Seriously, congrats Rick on your heroic admission.  You’re a brave man, and I hope it inspires others who may be struggling with their own sexuality to consider coming out, and be who they actually are.

Bud Selig Needs to Be Stopped…or does he?
This week, a report was released that Bud Selig wants to add 2 more playoff spots that teams can fight for in 2012.  That would make the playoff total 10 teams. Now I would normally say no way, no how, you can’t do this.  But after further review, I think this has great potential, if done correctly. If I were Bud Selig, the first thing I would do is have massive reconstructive surgery on my face, my God is he ugly.

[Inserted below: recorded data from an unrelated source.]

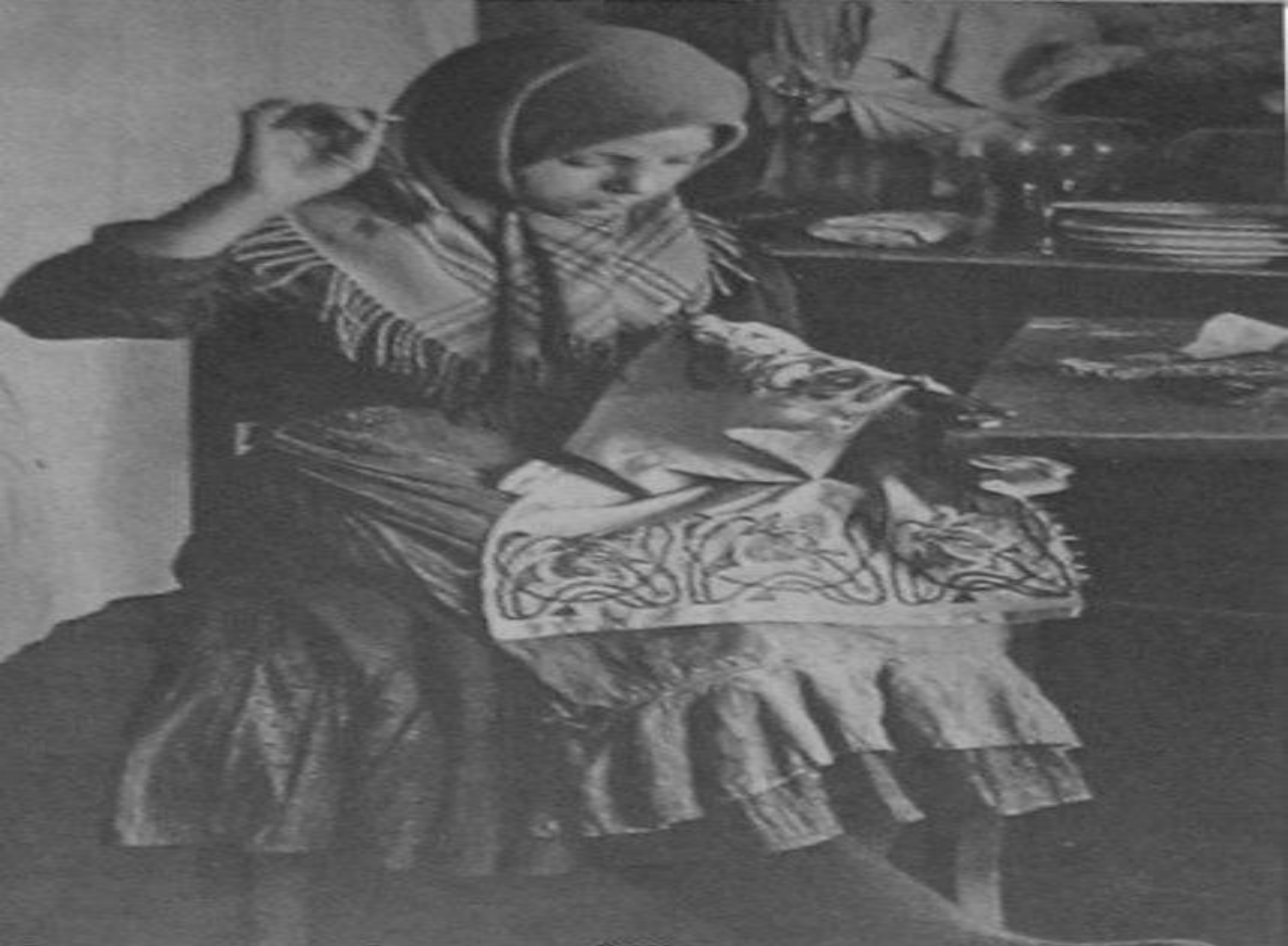
Девочка за вышиванием. Владимирская губ. 1914г.
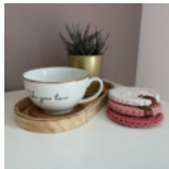
Tassenuntersetzer Seite 48
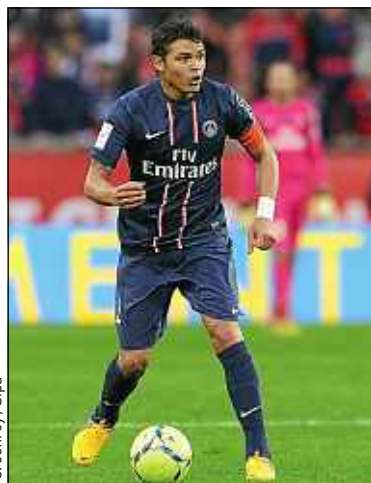
Thiago Silva, maître de la défense.

Avec neuf points d'avance sur l'OM à quatre journées de la fin, les Parisiens pourraient célébrer le titre de champion contre Valenciennes. Pour éviter les calculs, Paris doit obtenir un meilleur résultat que Marseille, qui reçoit Bastia la veille. En revanche, s'il ne fait pas mieux que l'OM, Paris ne serait pas mathématiquement sacré. Mais officieusement oui, puisque le PSG possède une différence de but largement supérieure à celle de l'OM (+ 41 contre + 6).
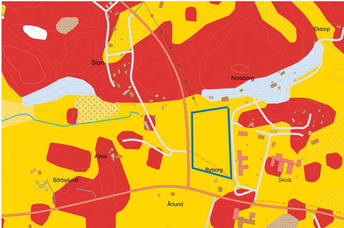
FIGUR 2. JORDARTSKARTA ÖVER DET AKTUELLA OMRÅDET (SGU, 2022). BLÅMARKERAT OMRÅDE VISAR UNGEFÄRLIGT LÄGE FÖR AKTUELLT UNDERSÖKNINGSOMRÅDE.

Enligt SGUs kvartärgeologisk karta (Figur 2) utgörs marken vid aktuellt område av glacial lera (mörkgul färg).
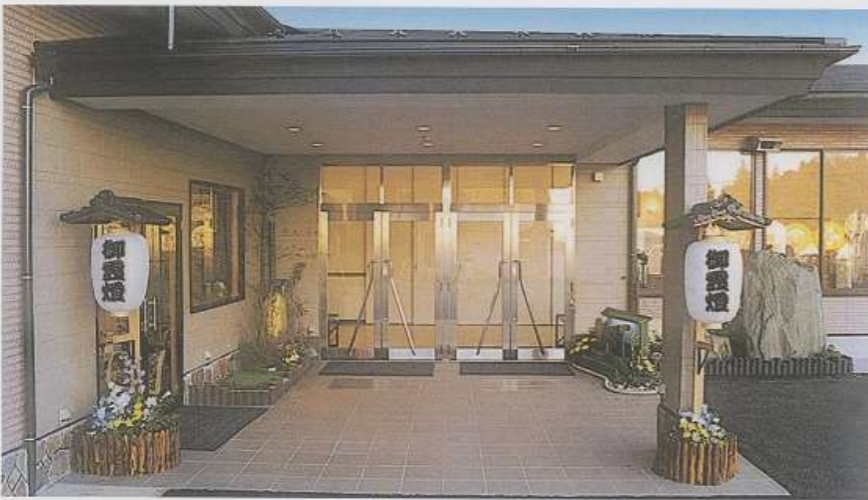
▲ホール表飾り (自宅葬については現場合わせのため形状が変わります)
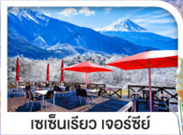
เซชินเรียว เจอร์ซีย์

หมู่บ้านมรดกโลกชิราคาวาโกะ | ชมวิวฟูจิ ริมทะเลสาบคาวากูจิ เซชินเรียว เจอร์ซีย์ ระเบียงชมวิวภูเขาไฟฟูจิและเทือกเขาแอลป์
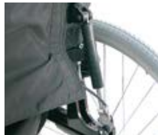
// LII030014 Gasdruckfeder, Schiebegriffe lang (0° - 30°)
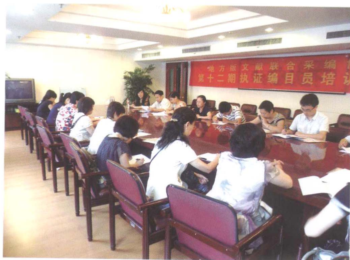
■ 2010年培训班学员在讨论 音像资料著录规则
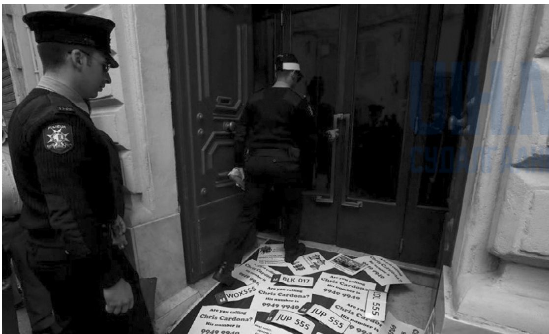
Мальта улсын сангийн сайд Крис Кардонаг авлигын эсрэг бичдэг сэтгүүлч Дафни Каруана Гализигийн аллагад буруутгагдсан хүмүүсийн нэгэнтэй нь уулзсан хэмээн Дафни Санаачилга төслийн хэсэг сэтгүүлчид мэдээлсний дараа иргэний нийгмийн идэвхтнүүд түүнийг байцаахыг цагдаагаас шаардаж, Валетта (Мальта) хотын цагдаагийн газарт орхисон зурагт хуудсан дээгүүр цагдаагийн ажилтнууд алхаж байна, 2018 оны 4 сарын 19
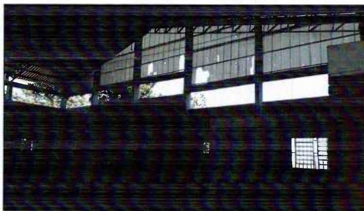
Figura 5: 2º piso – executar peitoril e fechamento oitões

3.3.9 – Fechamento com telha translúcida: Deverão ser retiradas as telhas quebradas/furadas e instaladas novas peças para o fechamento, inclusive nos vãos acima das alvenarias de tijolo á vista, nos dois oitões Leste-Oeste.
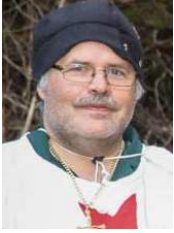
Par Mario Tardif Promoteur

Depuis une douzaine d'années, des personnes de 15 ans et plus participent à un jeu de rôle
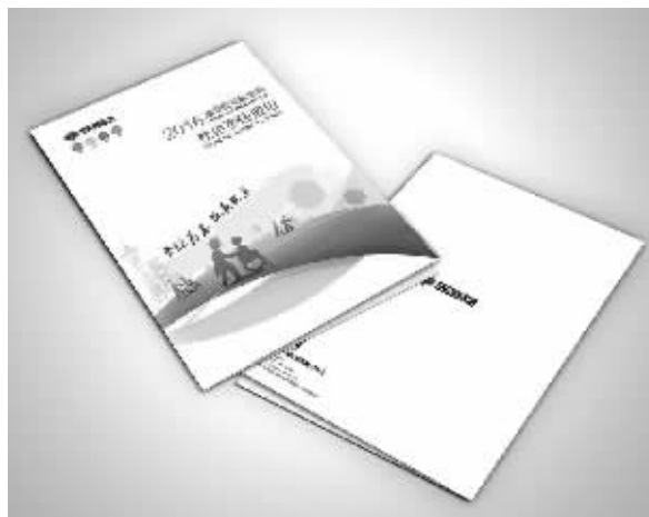
《2016年度湖南省福利彩票社会责任报告》。

2016年，湖南福彩共筹集公益金23.96亿元，省本级可分配使用4.4亿元，湖南省民政厅商同级财政部门同意，按照福利彩票“扶老、助残、救孤、济困”的发行宗旨和福彩
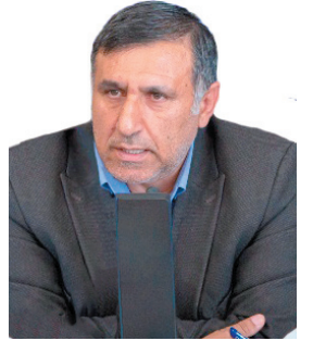
مدیرعامل شرکت آب و فاضلاب چهارمحال و بختیاری: ساخت مخزن ذخیره آب شرب در روسای خوی ۶۰ درصد پیشرفت فیزیکی دارد
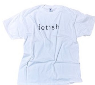
FETISH DS WHITE T-SH ¥9,900
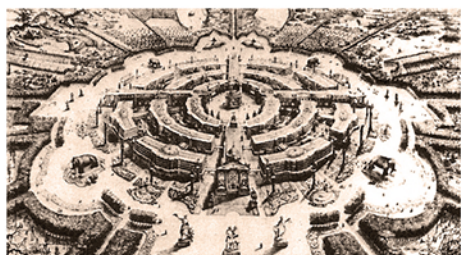
Un phalanstère vu par FOURIER

FOURIER François Marie Charles ○ 07.04.1772 Besançon (25) † 10.10.1837 Paris (75) x FALLOT Sophie Léonie Philosophe économiste
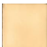
Crema T-2 MA1014 • T177
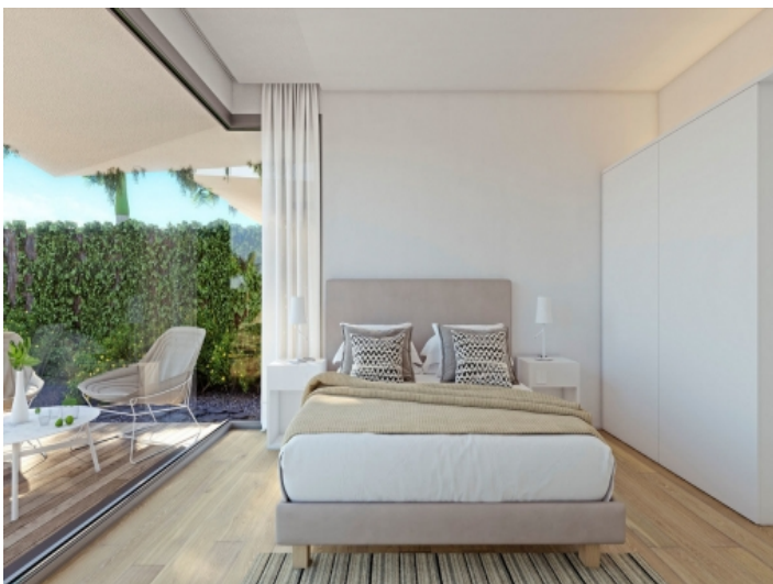
Schlafzimmer mit Panoramafenstern
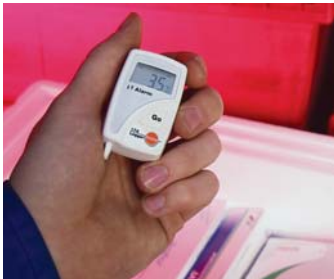
... při transportu - v kontajnech
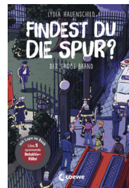
Findest du die Spur? - Der große Brand
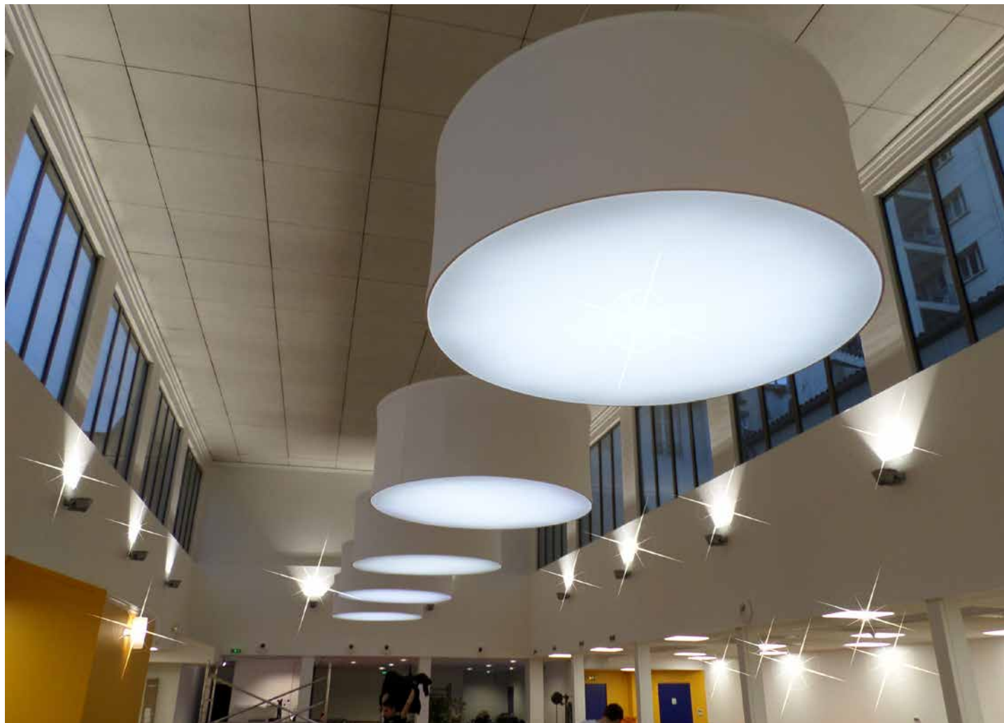
Centre commercial - Luminaires XXL en structures aluminium - Toiles rétroéclairées - France - Réalisation : SPIDER DESIGN

La lumière nous est nécessaire, vitale même : elle régule notre organisme et notre humeur.
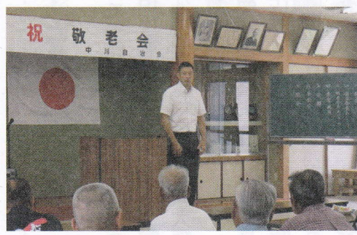
各自治会の敬老会にて
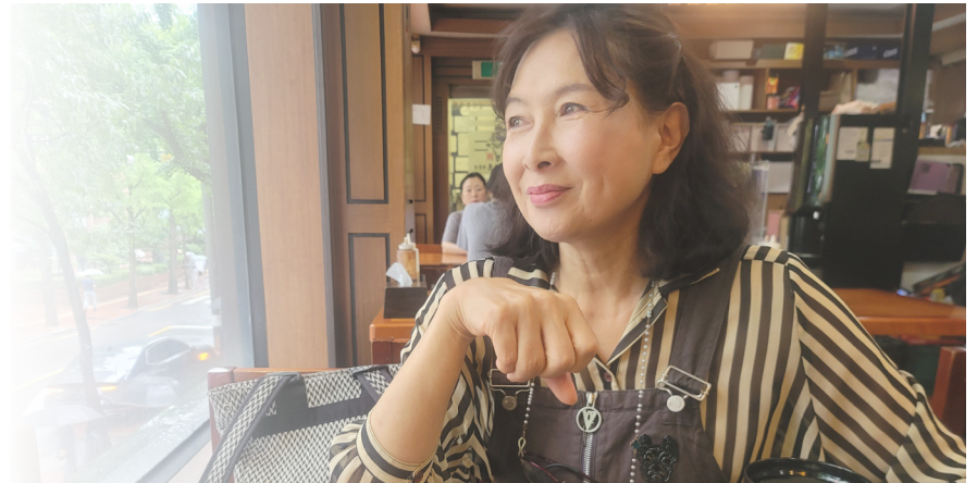
희망퇴직을 했지요. 그때가 코로나가 시작되기 직전인 2020년 2월이었습니다” (2면에 계속)

교수로 재직하면서 정년 퇴임 65세라는 나이를 생각할 때, 그 이후의 삶은 어떻게 살아야 할까? 늘 생각했습니다. 학교를 둘러싼 환경이 변하고 학생들 역시 예전과 다른 분위기 속에서 2019년 희망퇴직자를 구하는 공고가 났습니다. 60세가 되기 전 새로운 일에 대한 토대를 다져야 하겠다는 생각에
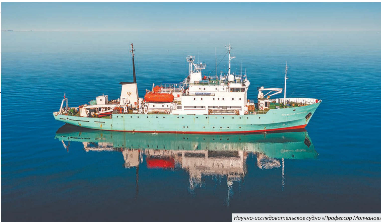
Научно-исследовательское судно «Профессор Молчанов»
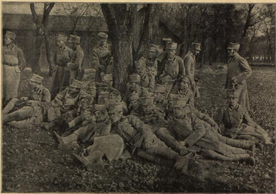
Vom galizischen Kriegsschauplatz: Polnische Legionäre in den Karpathen.
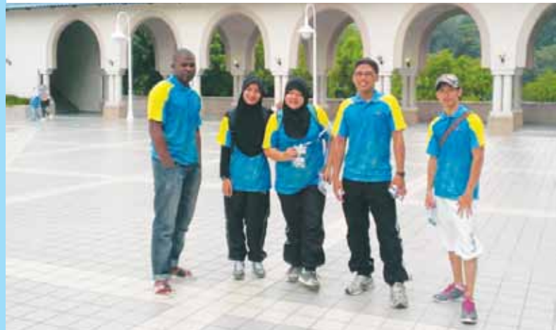
Barisan kepimpinan Kelab Taekwondo.
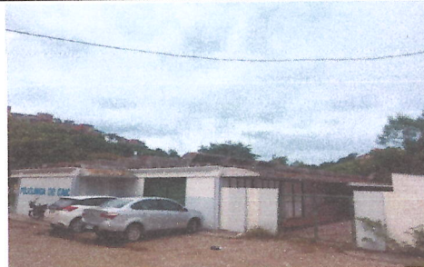
IMAGEM 4: PINTURA EXTERNA (BLOCO 2) LOCAL: E.M. JOAQUIM RIBEIRO (CAIC)
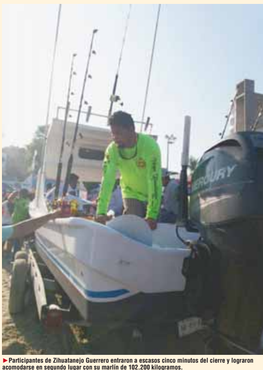
► Participantes de Zihuatanejo Guerrero entraron a escasos cinco minutos del cierre y lograron acomodarse en segundo lugar con su marlín de 102.200 kilogramos.
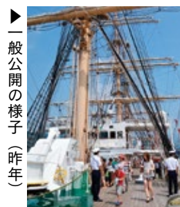
▶一般公開の様子(昨年)
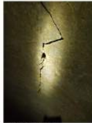
Fessurazioni individuate lungo la volta e le pareti
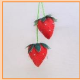
4月 ハートいちごストラップ (材料費350円)
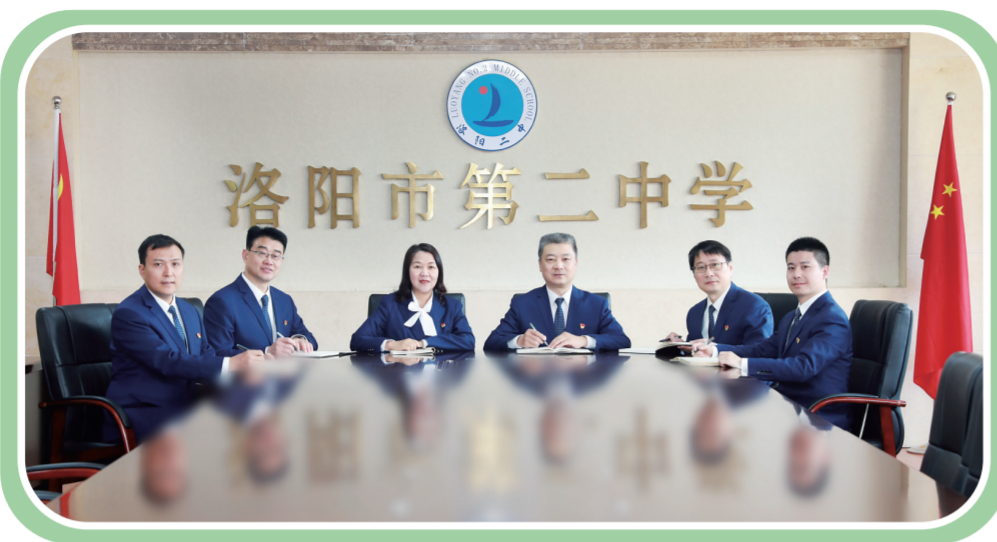
学校领导班子成员

是真正的良性循环。2020年12月,新一届领导班子成立后,学校提出了新的三年规划,明确了创建全国文明城市、创建省市一流优质高中的奋斗目标和美好愿景。
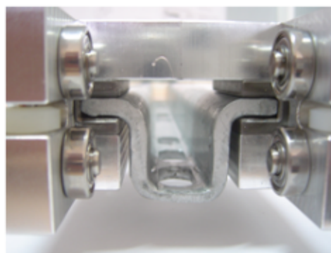
Bild Nr.3 Prüflehre- Aufschieben.
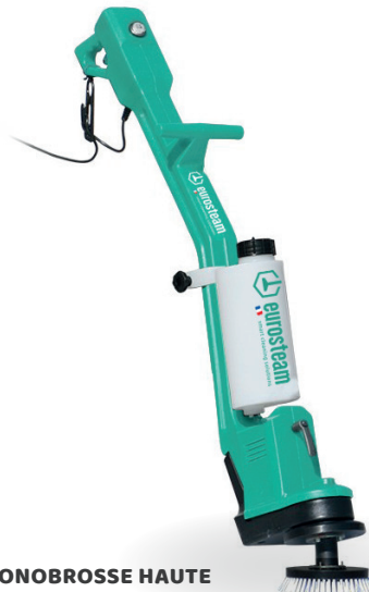
MINI-MONOBROSSE HAUTE 300TRS/MIN
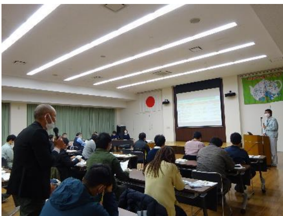
研究課題への質問に丁寧に回答
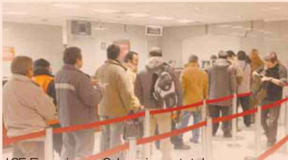
ICE Financiero y Colocaciones totales
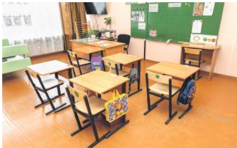
Класс для учеников с тяжёлыми интеллектуальными отклонениями

Слово «социализация» — слишком серьёзное, безликое, официальное. Но означает оно очень многое. Фактически — всю жизнь ребят в школе-интернате. Многие «особенные» дети совсем по-другому
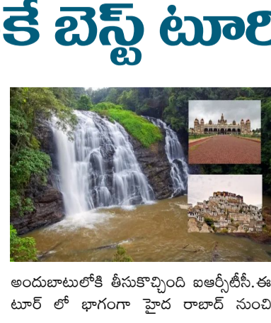
అందుబాటులోకి తీసుకుచ్చింది ఐఆర్టీసీ. ఈ టూర్ లో భాగంగా హైదరాబాద్ నుంచి

కర్ణాటక: కర్ణాటకలో అనేక టూరిస్టు ప్రాంతాలు ఉన్నాయి. తెలుగు రాష్ట్రాలకు కర్ణాటక చాలా దగ్గరగా ఉంటుంది. ప్రకృతి సౌందర్యం, చారిత్రక ప్రదేశాలు, ఆధ్యాత్మిక ప్రదేశాలకు నెలవుగా ఉంది. కర్ణాటకలో కూర్గ్, విక్రమగిరి లాంటి హిల్ స్టేషన్లు, హంపి, మైసూర్ లాంటి చారిత్రక ప్రదేశాలు ఉన్నాయి. అయితే తక్కువ ధరకే కర్ణాటక టూర్ వెళ్లిద్దామా..? వర్తమా కుల కోసం తక్కువ ధరకే అద్భుతమైన ప్యాకేజీని
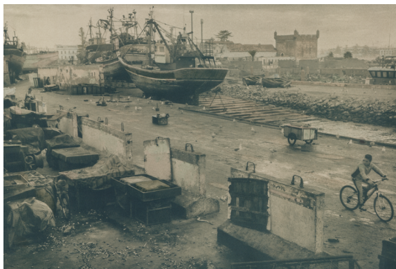
Aassmaa Akhannouch, Le vieux port, 2023 Série Un monde oublié Cyanotype viré et rehaussé à l'aquarelle sur papier beaux arts

L'utilisation des visuels est exclusivement réservée à la promotion de l'exposition et valable jusqu'à sa date de clôture.
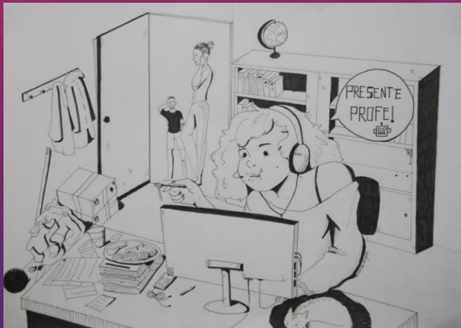
2 puesto: Natalia Sofía Porras Pineda
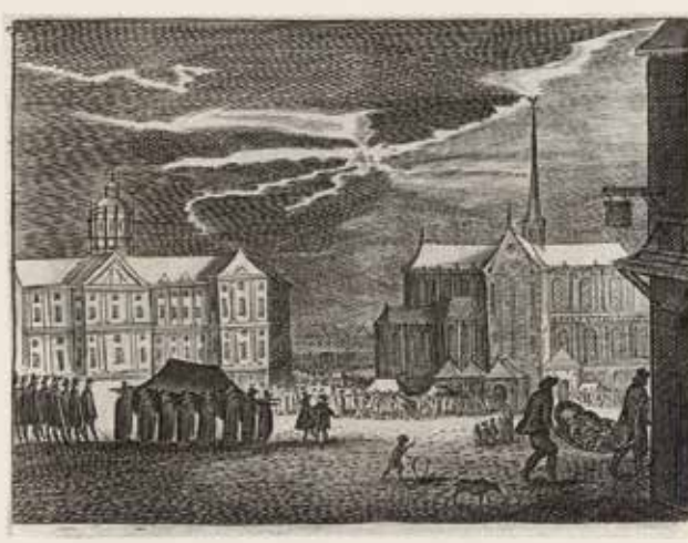
Begravenisstoet op de Dam
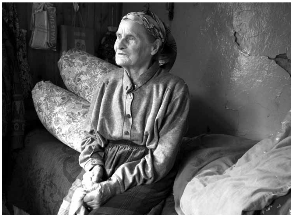
Ant savo lovos prie atrupėjusio „pečiaus“. D. Vaitkevičienės nuotrauka, 2010
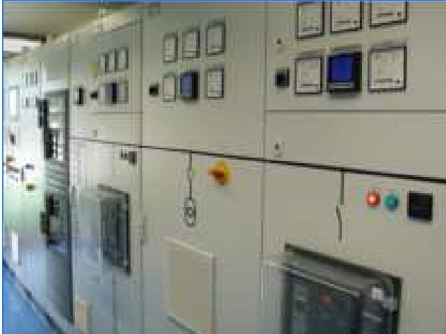
Elektroschaltanlagen low voltage switch boards

But as far as the playoffs go, I like the proposed plan of having the 2 wild card teams in each league play a best of 3 series, and then have the winners go on to play the 1 seed in each league.  This plan actually works on a few levels.  The first is obvious it lets more teams compete for more playoff spots, which keeps more cities interested. The less obvious effect is on the division.  It actually gives the division winners an advantage.  They will get a few days off to get healthy and set up their pitching rotation the way they want.  If a division comes down to the last day, the team that wins the division gets to rest a few days while the team that loses and has to play a 3 game set and give all that they have to even make the next round. They will feel the effects of not winning that division. I don’t do this very often, actually, I’ve never done this, but I have to give credit to Bud Selig.  I think this time he may be onto something.

And finally…..
                Harmon Killebrew passed away at the age of 74 from a long battle with cancer this week.  Killebrew, a Hall of Famer and legend, was a feared hitter during his career. With a .256 avg, 573 HR’s and 1584 RBI’s, he was no doubt a tremendous player for the Senators/Twins. But that’s not the story I’m here to tell. I remember Killebrew not because I was a Twins fan, or lived in Minnesota.  He retired one year before I was born, so I never got to watch him play. I remember him because my dad was a huge Yankee fan in his younger days, specifically a Mickey Mantle fan.  He used to have all of this memorabilia with pics of the Mick and this other guy.  Almost every slugger photo had all the familiar faces. Mickey, Hank, Mays and this other guy.  I remember asking him who that was, he said Harmon Killebrew.  Now that was an interesting name to me.  First off, being from NYC, I had never heard the name Harmon before, and secondly, this guy had the word “killer” in his name. I found out later that it wasn’t spelled that way but it sure did sound like “killer.” When I was a tyke I used to run around and pretend to be 2 guys. For hockey I was Captain Barry Beck, we were huge Ranger fans, and for baseball, I was “The Killer.”  That is my memory of Harmon Killebrew. I wasn’t a fan of the man, nor his team, but he is part of my childhood, and part of my early baseball memories even if I never got to see the man play. To me, that’s what sports are all about. RIP Harmon “The Killer” Killebrew.